Revisa balcones, ventanas y terrazas.
No asumas que porque en casa nunca intenta escapar ocurrirá lo mismo en un lugar desconocido.
🏡 Después del viaje
Cuando regreses a casa, permite que retome su rutina.
Algunos gatos se adaptarán inmediatamente.
Otros pueden necesitar un poco de tiempo.
Observa:
✔ Apetito.
✔ Arenero.
✔ Actividad.
✔ Descanso.
✔ Comportamiento.
Si aparecen cambios preocupantes o persistentes, consulta con el veterinario.
🐾 Consejo PETinder
Antes de cada viaje utiliza la regla de las 5 preguntas:
1. ¿NECESITA IR?
¿Viajar es realmente la mejor opción?
2. ¿ESTÁ PREPARADO?
Transportín, salud y habituación.
3. ¿ESTÁ IDENTIFICADO?
Datos actualizados.
4. ¿EL DESTINO ES SEGURO?
Ventanas, puertas, balcones y recursos.
5. ¿TENGO PLAN B?
Veterinario, emergencia, retrasos o cambios.
Un buen viaje comienza mucho antes de salir.
En resumen
Si viajarás con tu gato:
✔ Evalúa primero si necesita acompañarte.

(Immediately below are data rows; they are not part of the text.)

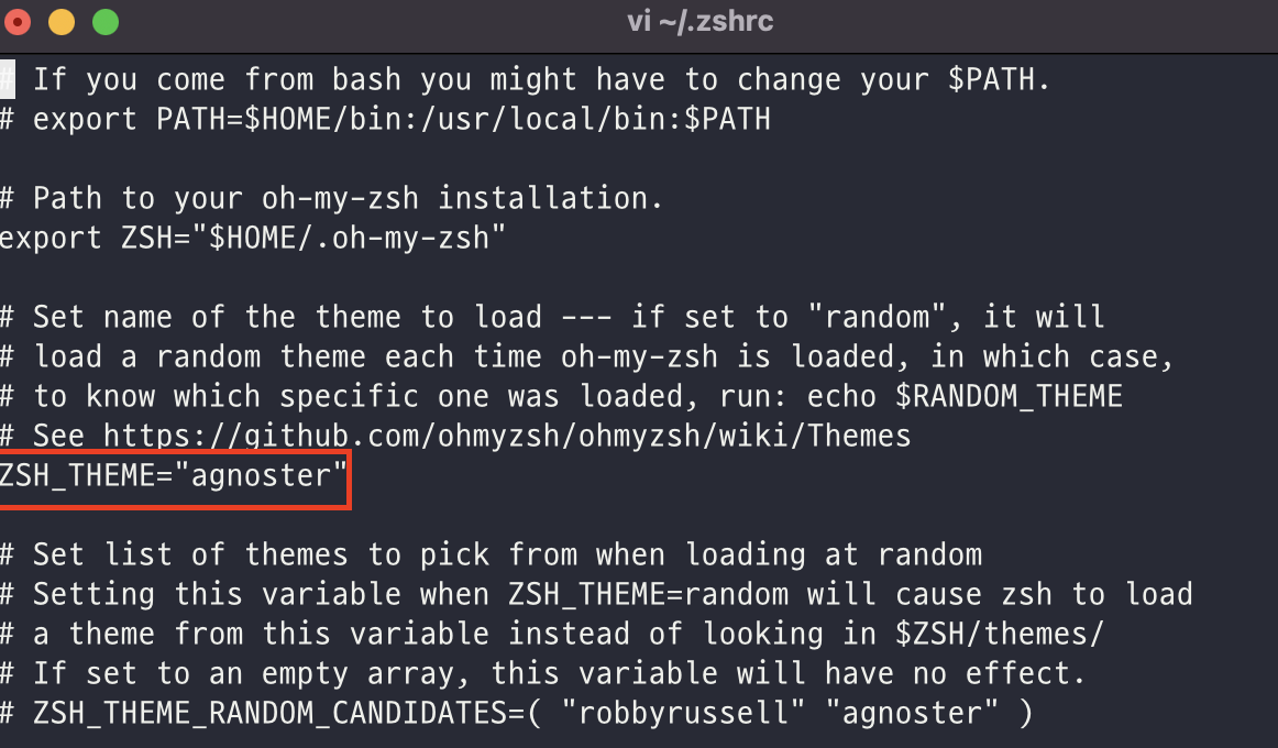 나는 branch를 명확하게 나타내주는 agnoster코드를 사용할거니 i를 눌러 insert 모드로 바꾸고, 저렇게 바꿔주자.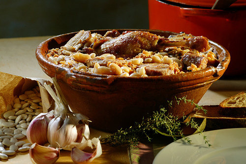 Ох, а я из блюд больше всего люблю «касуле» (cassoulet). Что это? Это жаркое из мясного ассорти из фасолью, такая сытаная, идеальная зимняя пища. В глиняном горшочке готовится мелко нарезанное мясо — например, жирные колбаски и утка — и белая фасоль.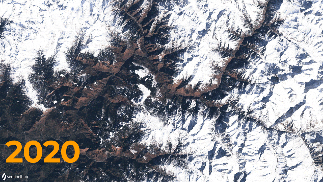 By mid-summer 2020 the seasonal cover had melted, leaving behind only perennial snow and glacier ice. Most of the summer melt will have returned into the water cycle, but the bumper seasonal coverage also suggests a disproportionate amount of water will have found its way into the crevasses of Nanda Devi’s glaciers.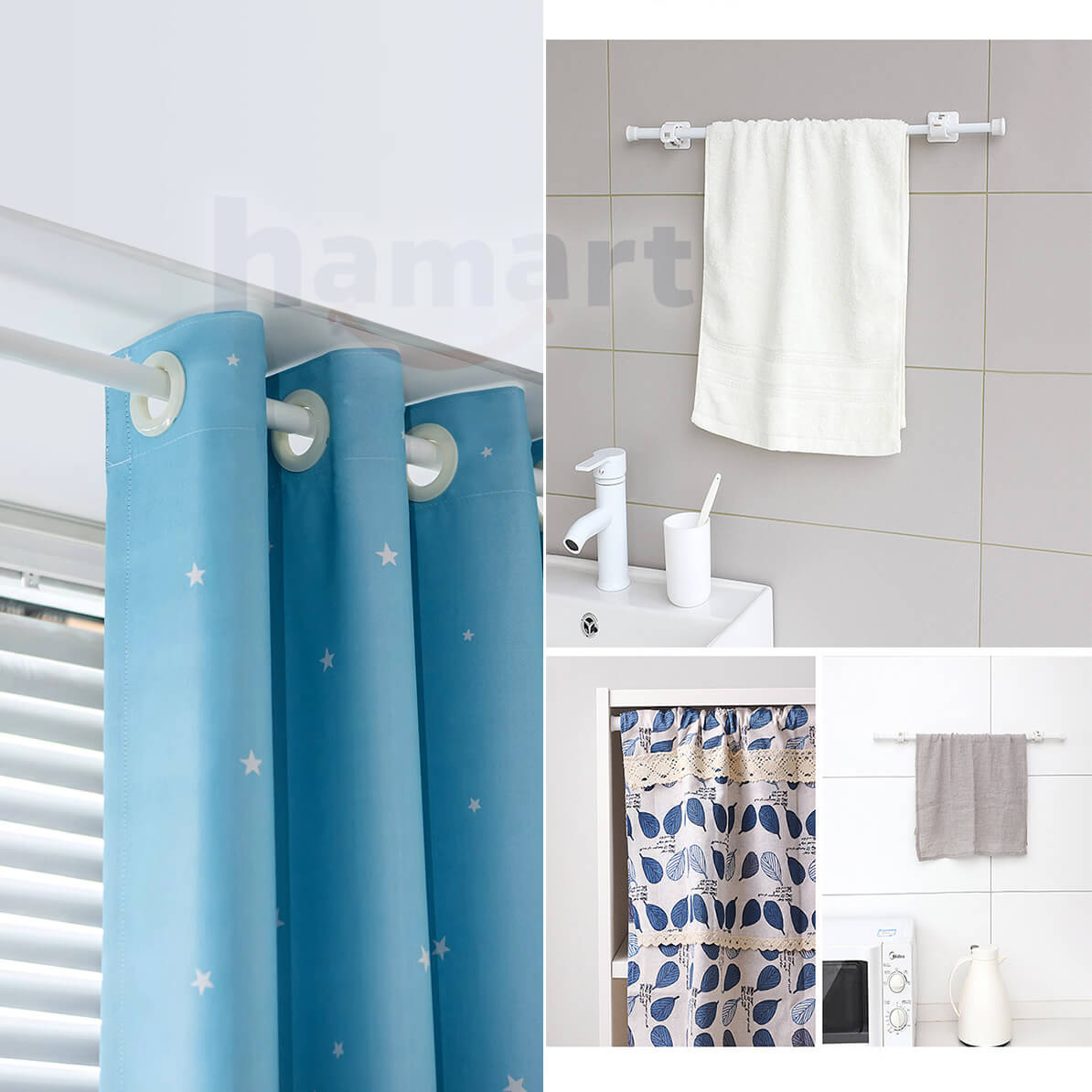 ✨Thanh Treo Rèm Dán Tường Treo Đồ Đa Năng Hamart Kim Loại Gắn Tủ Quần Áo Cửa Sổ Ngang 1.3CM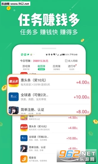 《人人赚钱宝app》是一款全新上线的手机做任务赚钱平台,软件为用户提供了海量任务,只需要按照平台的要求完成即可获得奖励,0门槛0投资,所有人都可以参与进来,喜欢这类手赚软件的老哥快来962下载体验吧!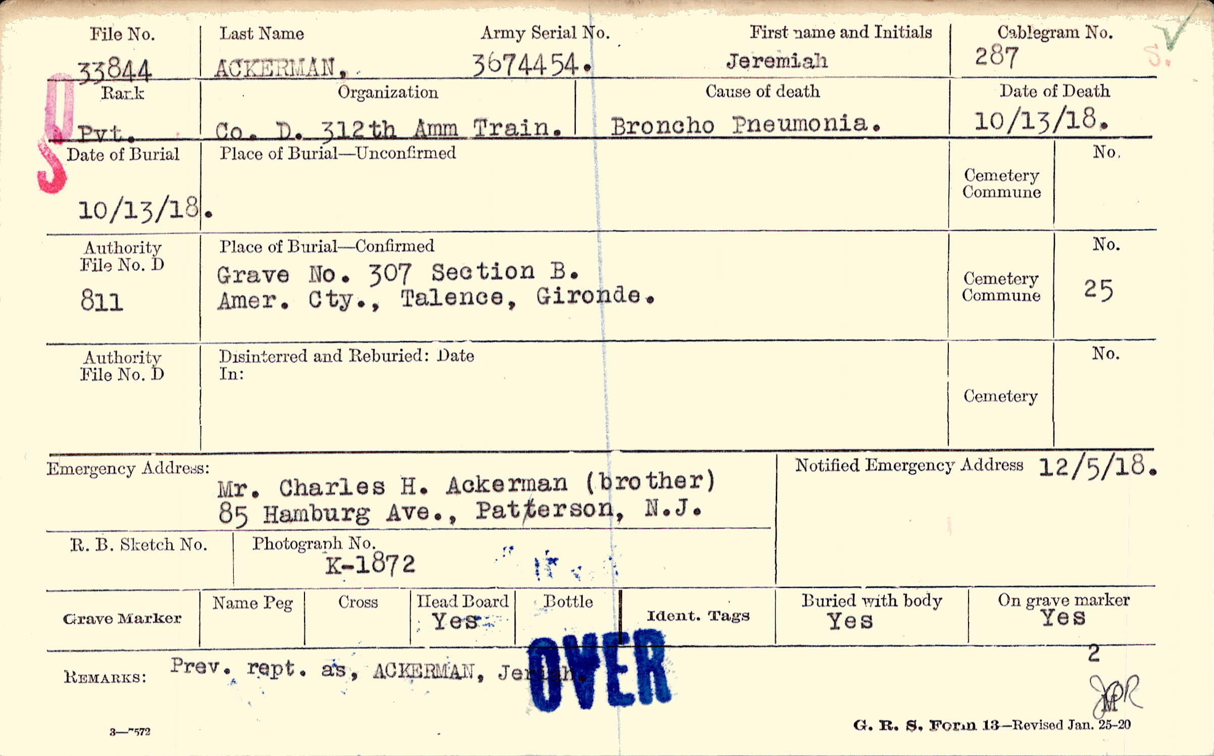 Mr. Charles H. Ackerman (brother), 85 Hamburg Ave., Patterson, N.J.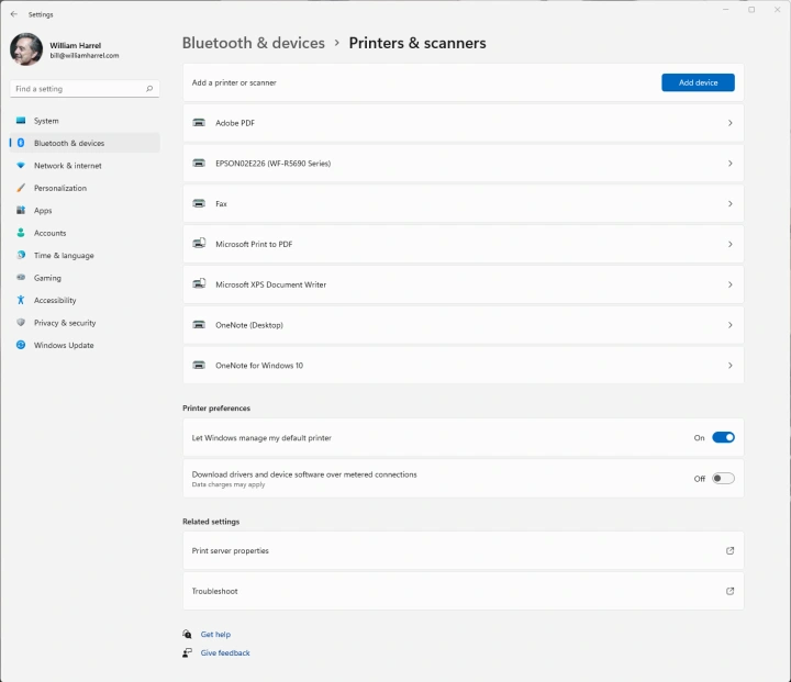 单击应用,打印机现在可以在您的网络上使用。要从另一台计算机连接,请返回到打印机和扫描仪菜单,然后单击添加打印机或扫描仪(Windows 10)或添加设备(Windows 11),此时应显示打印机。单击添加设备将打印机与您的计算机链接。

✔ Consulta requisitos con anticipación.
✔ Revisa su salud.
✔ Actualiza identificación.
✔ Habitúalo al transportín.
✔ Nunca permitas que viaje suelto.
✔ Planifica alimentación y medicación con el veterinario.
✔ Prepara un espacio seguro al llegar.
✔ Lleva objetos familiares.
✔ Refuerza las medidas contra escapes.
En PETinder creemos que viajar responsablemente con un gato no significa conseguir que participe en todos nuestros planes.
Significa preguntarnos qué opción resulta más segura y adecuada también para él.
💡 ¿Sabías que…?
Un gato que permanece en casa durante nuestras vacaciones no necesariamente está “solo y triste” simplemente porque no viajó con nosotros.
Si cuenta con un cuidador responsable, atención diaria, recursos adecuados y seguimiento de su bienestar, permanecer en su territorio conocido puede resultar más cómodo para algunos gatos que enfrentarse a un traslado y alojamiento desconocido.
Por eso:
llevarlo contigo no siempre significa elegirlo a él primero.